Sections meet on Mondays and Wednesdays from 2:00 – 3:50 p.m. (all three terms):

  • Workshops: Students are encouraged and challenged in their writing all year long, workshopping stories, poems, or essays with the support of their peers and graduate tutors. Although the classes are not solely workshop courses, workshops are the main component throughout the program. Students generate new work in poetry, fiction, and creative nonfiction—both assigned and self-directed—and respond constructively to their peers’ writing. In this way, we build a creative community to help students grow as writers.
  • Reading: Learning to read closely and critically is an essential life-long skill for all writers. Just as a musician studies other musicians and a visual artist studies other visual artists, writers examine how authors have put together a story, poem, or essay; what craft choices they have made; and why they made those choices and to what effect. Students read widely and deeply throughout the year from core texts (as well as from texts their tutors assign) and respond, both through reading logs and class discussion, with a rigorous and analytical mind.

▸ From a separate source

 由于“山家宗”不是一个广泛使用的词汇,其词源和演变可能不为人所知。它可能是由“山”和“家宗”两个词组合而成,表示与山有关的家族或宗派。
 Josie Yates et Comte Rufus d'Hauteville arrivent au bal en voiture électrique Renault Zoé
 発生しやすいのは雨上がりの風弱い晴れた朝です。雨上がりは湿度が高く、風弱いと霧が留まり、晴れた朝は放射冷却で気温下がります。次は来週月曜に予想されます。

  • Inquiry and Research: The process of inquiry—a close examination of a question in search for truth—is a cornerstone of the Kidd Workshops. Asking questions—analyzing, probing, digging deeper into texts—is how writers identify and clarify issues at stake in their own work. Students submit a proposal in the fall that describes their creative preoccupations and the readings they will study to extend and investigate those concerns. Winter term focuses on reading and research for an annotated bibliography. In the spring, students present their findings to their peers and write a Line of Inquiry (LOI) essay that is both scholarly and craft-driven.
  • Student Anthology: In Spring term, all students contribute a selection of their work to be included in The Walter and Nancy Kidd Creative Writing Workshops Student Anthology, which they also help edit. At the end of the year, they read from this selection as part of a literary reading to celebrate their work.

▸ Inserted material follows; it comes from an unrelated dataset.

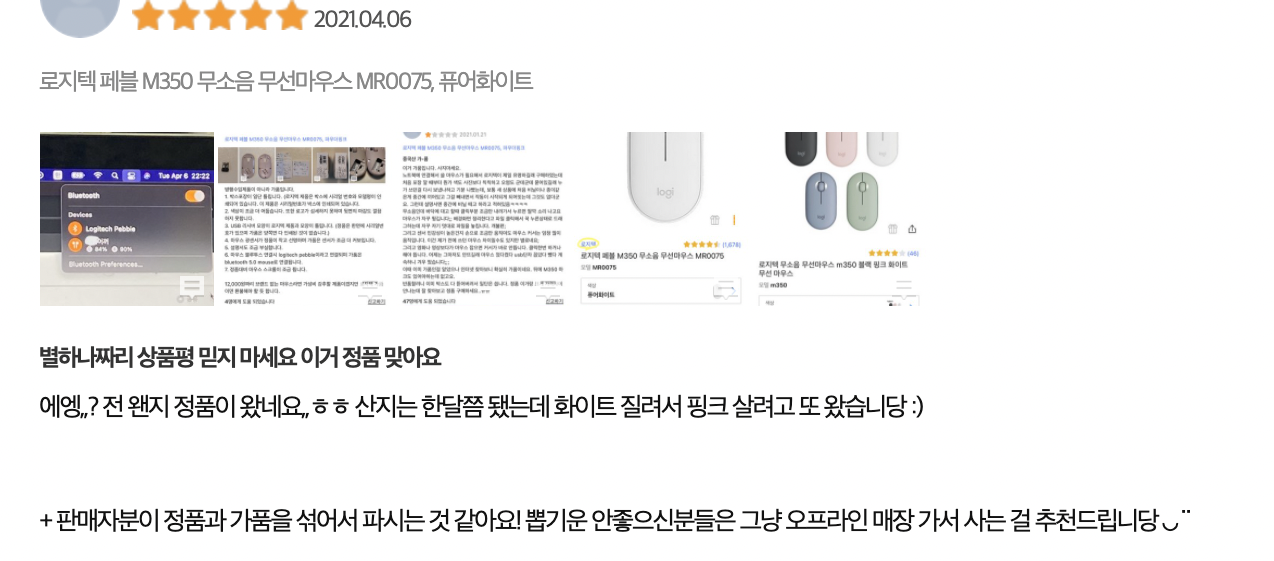 제가 정확히 결론을 내리자면 이것은 로지텍의 기술과 동일하게 만들어진 제품일지라도 정품은 아니라는 것입니다. 그러나 이 제품을 환불할 생각까지는 없습니다. 작동은 잘 하기 때문이죠. 어떤 분들의 리뷰는 정품이 왔다고는 하는데 그건 정말 운이 좋은 분들이네요. 그래서 뭐 크게 불만은 없습니다만 결국 정품을 쓰기 위해서는 환불을 하시고 정품이 올때까지 다시 구매하는 방법? 이것이 유일한 로지텍 페블 마우스를 저렴하게 구매하는 방법이라고 말씀드립니다. 시간은 걸리겠지만 말이죠. 그런데 저렴한 제품을 구매하려고 시간을 계속 들이는 것을 좋아하는 편은 아니다보니 기능상 큰 하자가 없기 때문이 계속 사용하게 되더라고요.
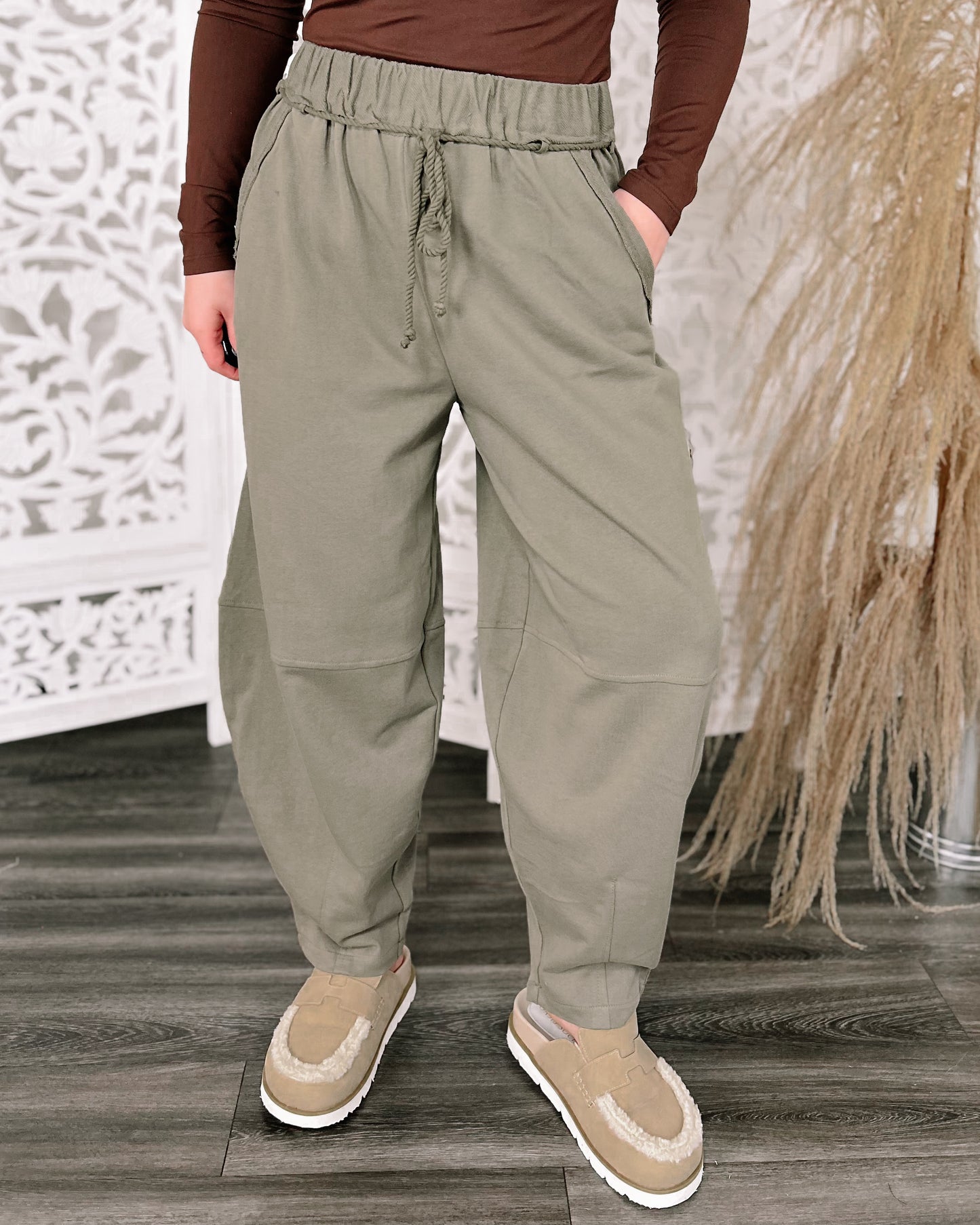 DETAILS: The Esme joggers are a cozy autumn must-have! Featuring a barrel cut, a laid-back fit, and handy pockets paired with a drawstring waist, they’re perfect for fuss-free style and comfort.

  • Final Creative Project: Completion of the Kidd Workshops culminates in a significant body of work, the equivalent of an undergraduate thesis, consisting of 15–20 poems, 3–4 short stories, a novella, or, on occasion, essays in creative nonfiction. Many students go on to take advanced courses in their genre with Creative Writing faculty, often in preparation to apply for graduate study.
  • Craft Talks and Visiting Writers: Students attend all of the evening readings by visiting writers who come to campus as part of the Creative Writing Program’s annual Reading Series. In addition, visiting writers and Creative Writing faculty give 50-minute talks to the students in an intimate setting. These talks vary from lectures about craft elements to discussions about the visiting writers’ work. Students then have an opportunity to personally engage with the visiting writers and faculty during a Q & A session. Former students have frequently named these craft talks as one of the highlights of our program.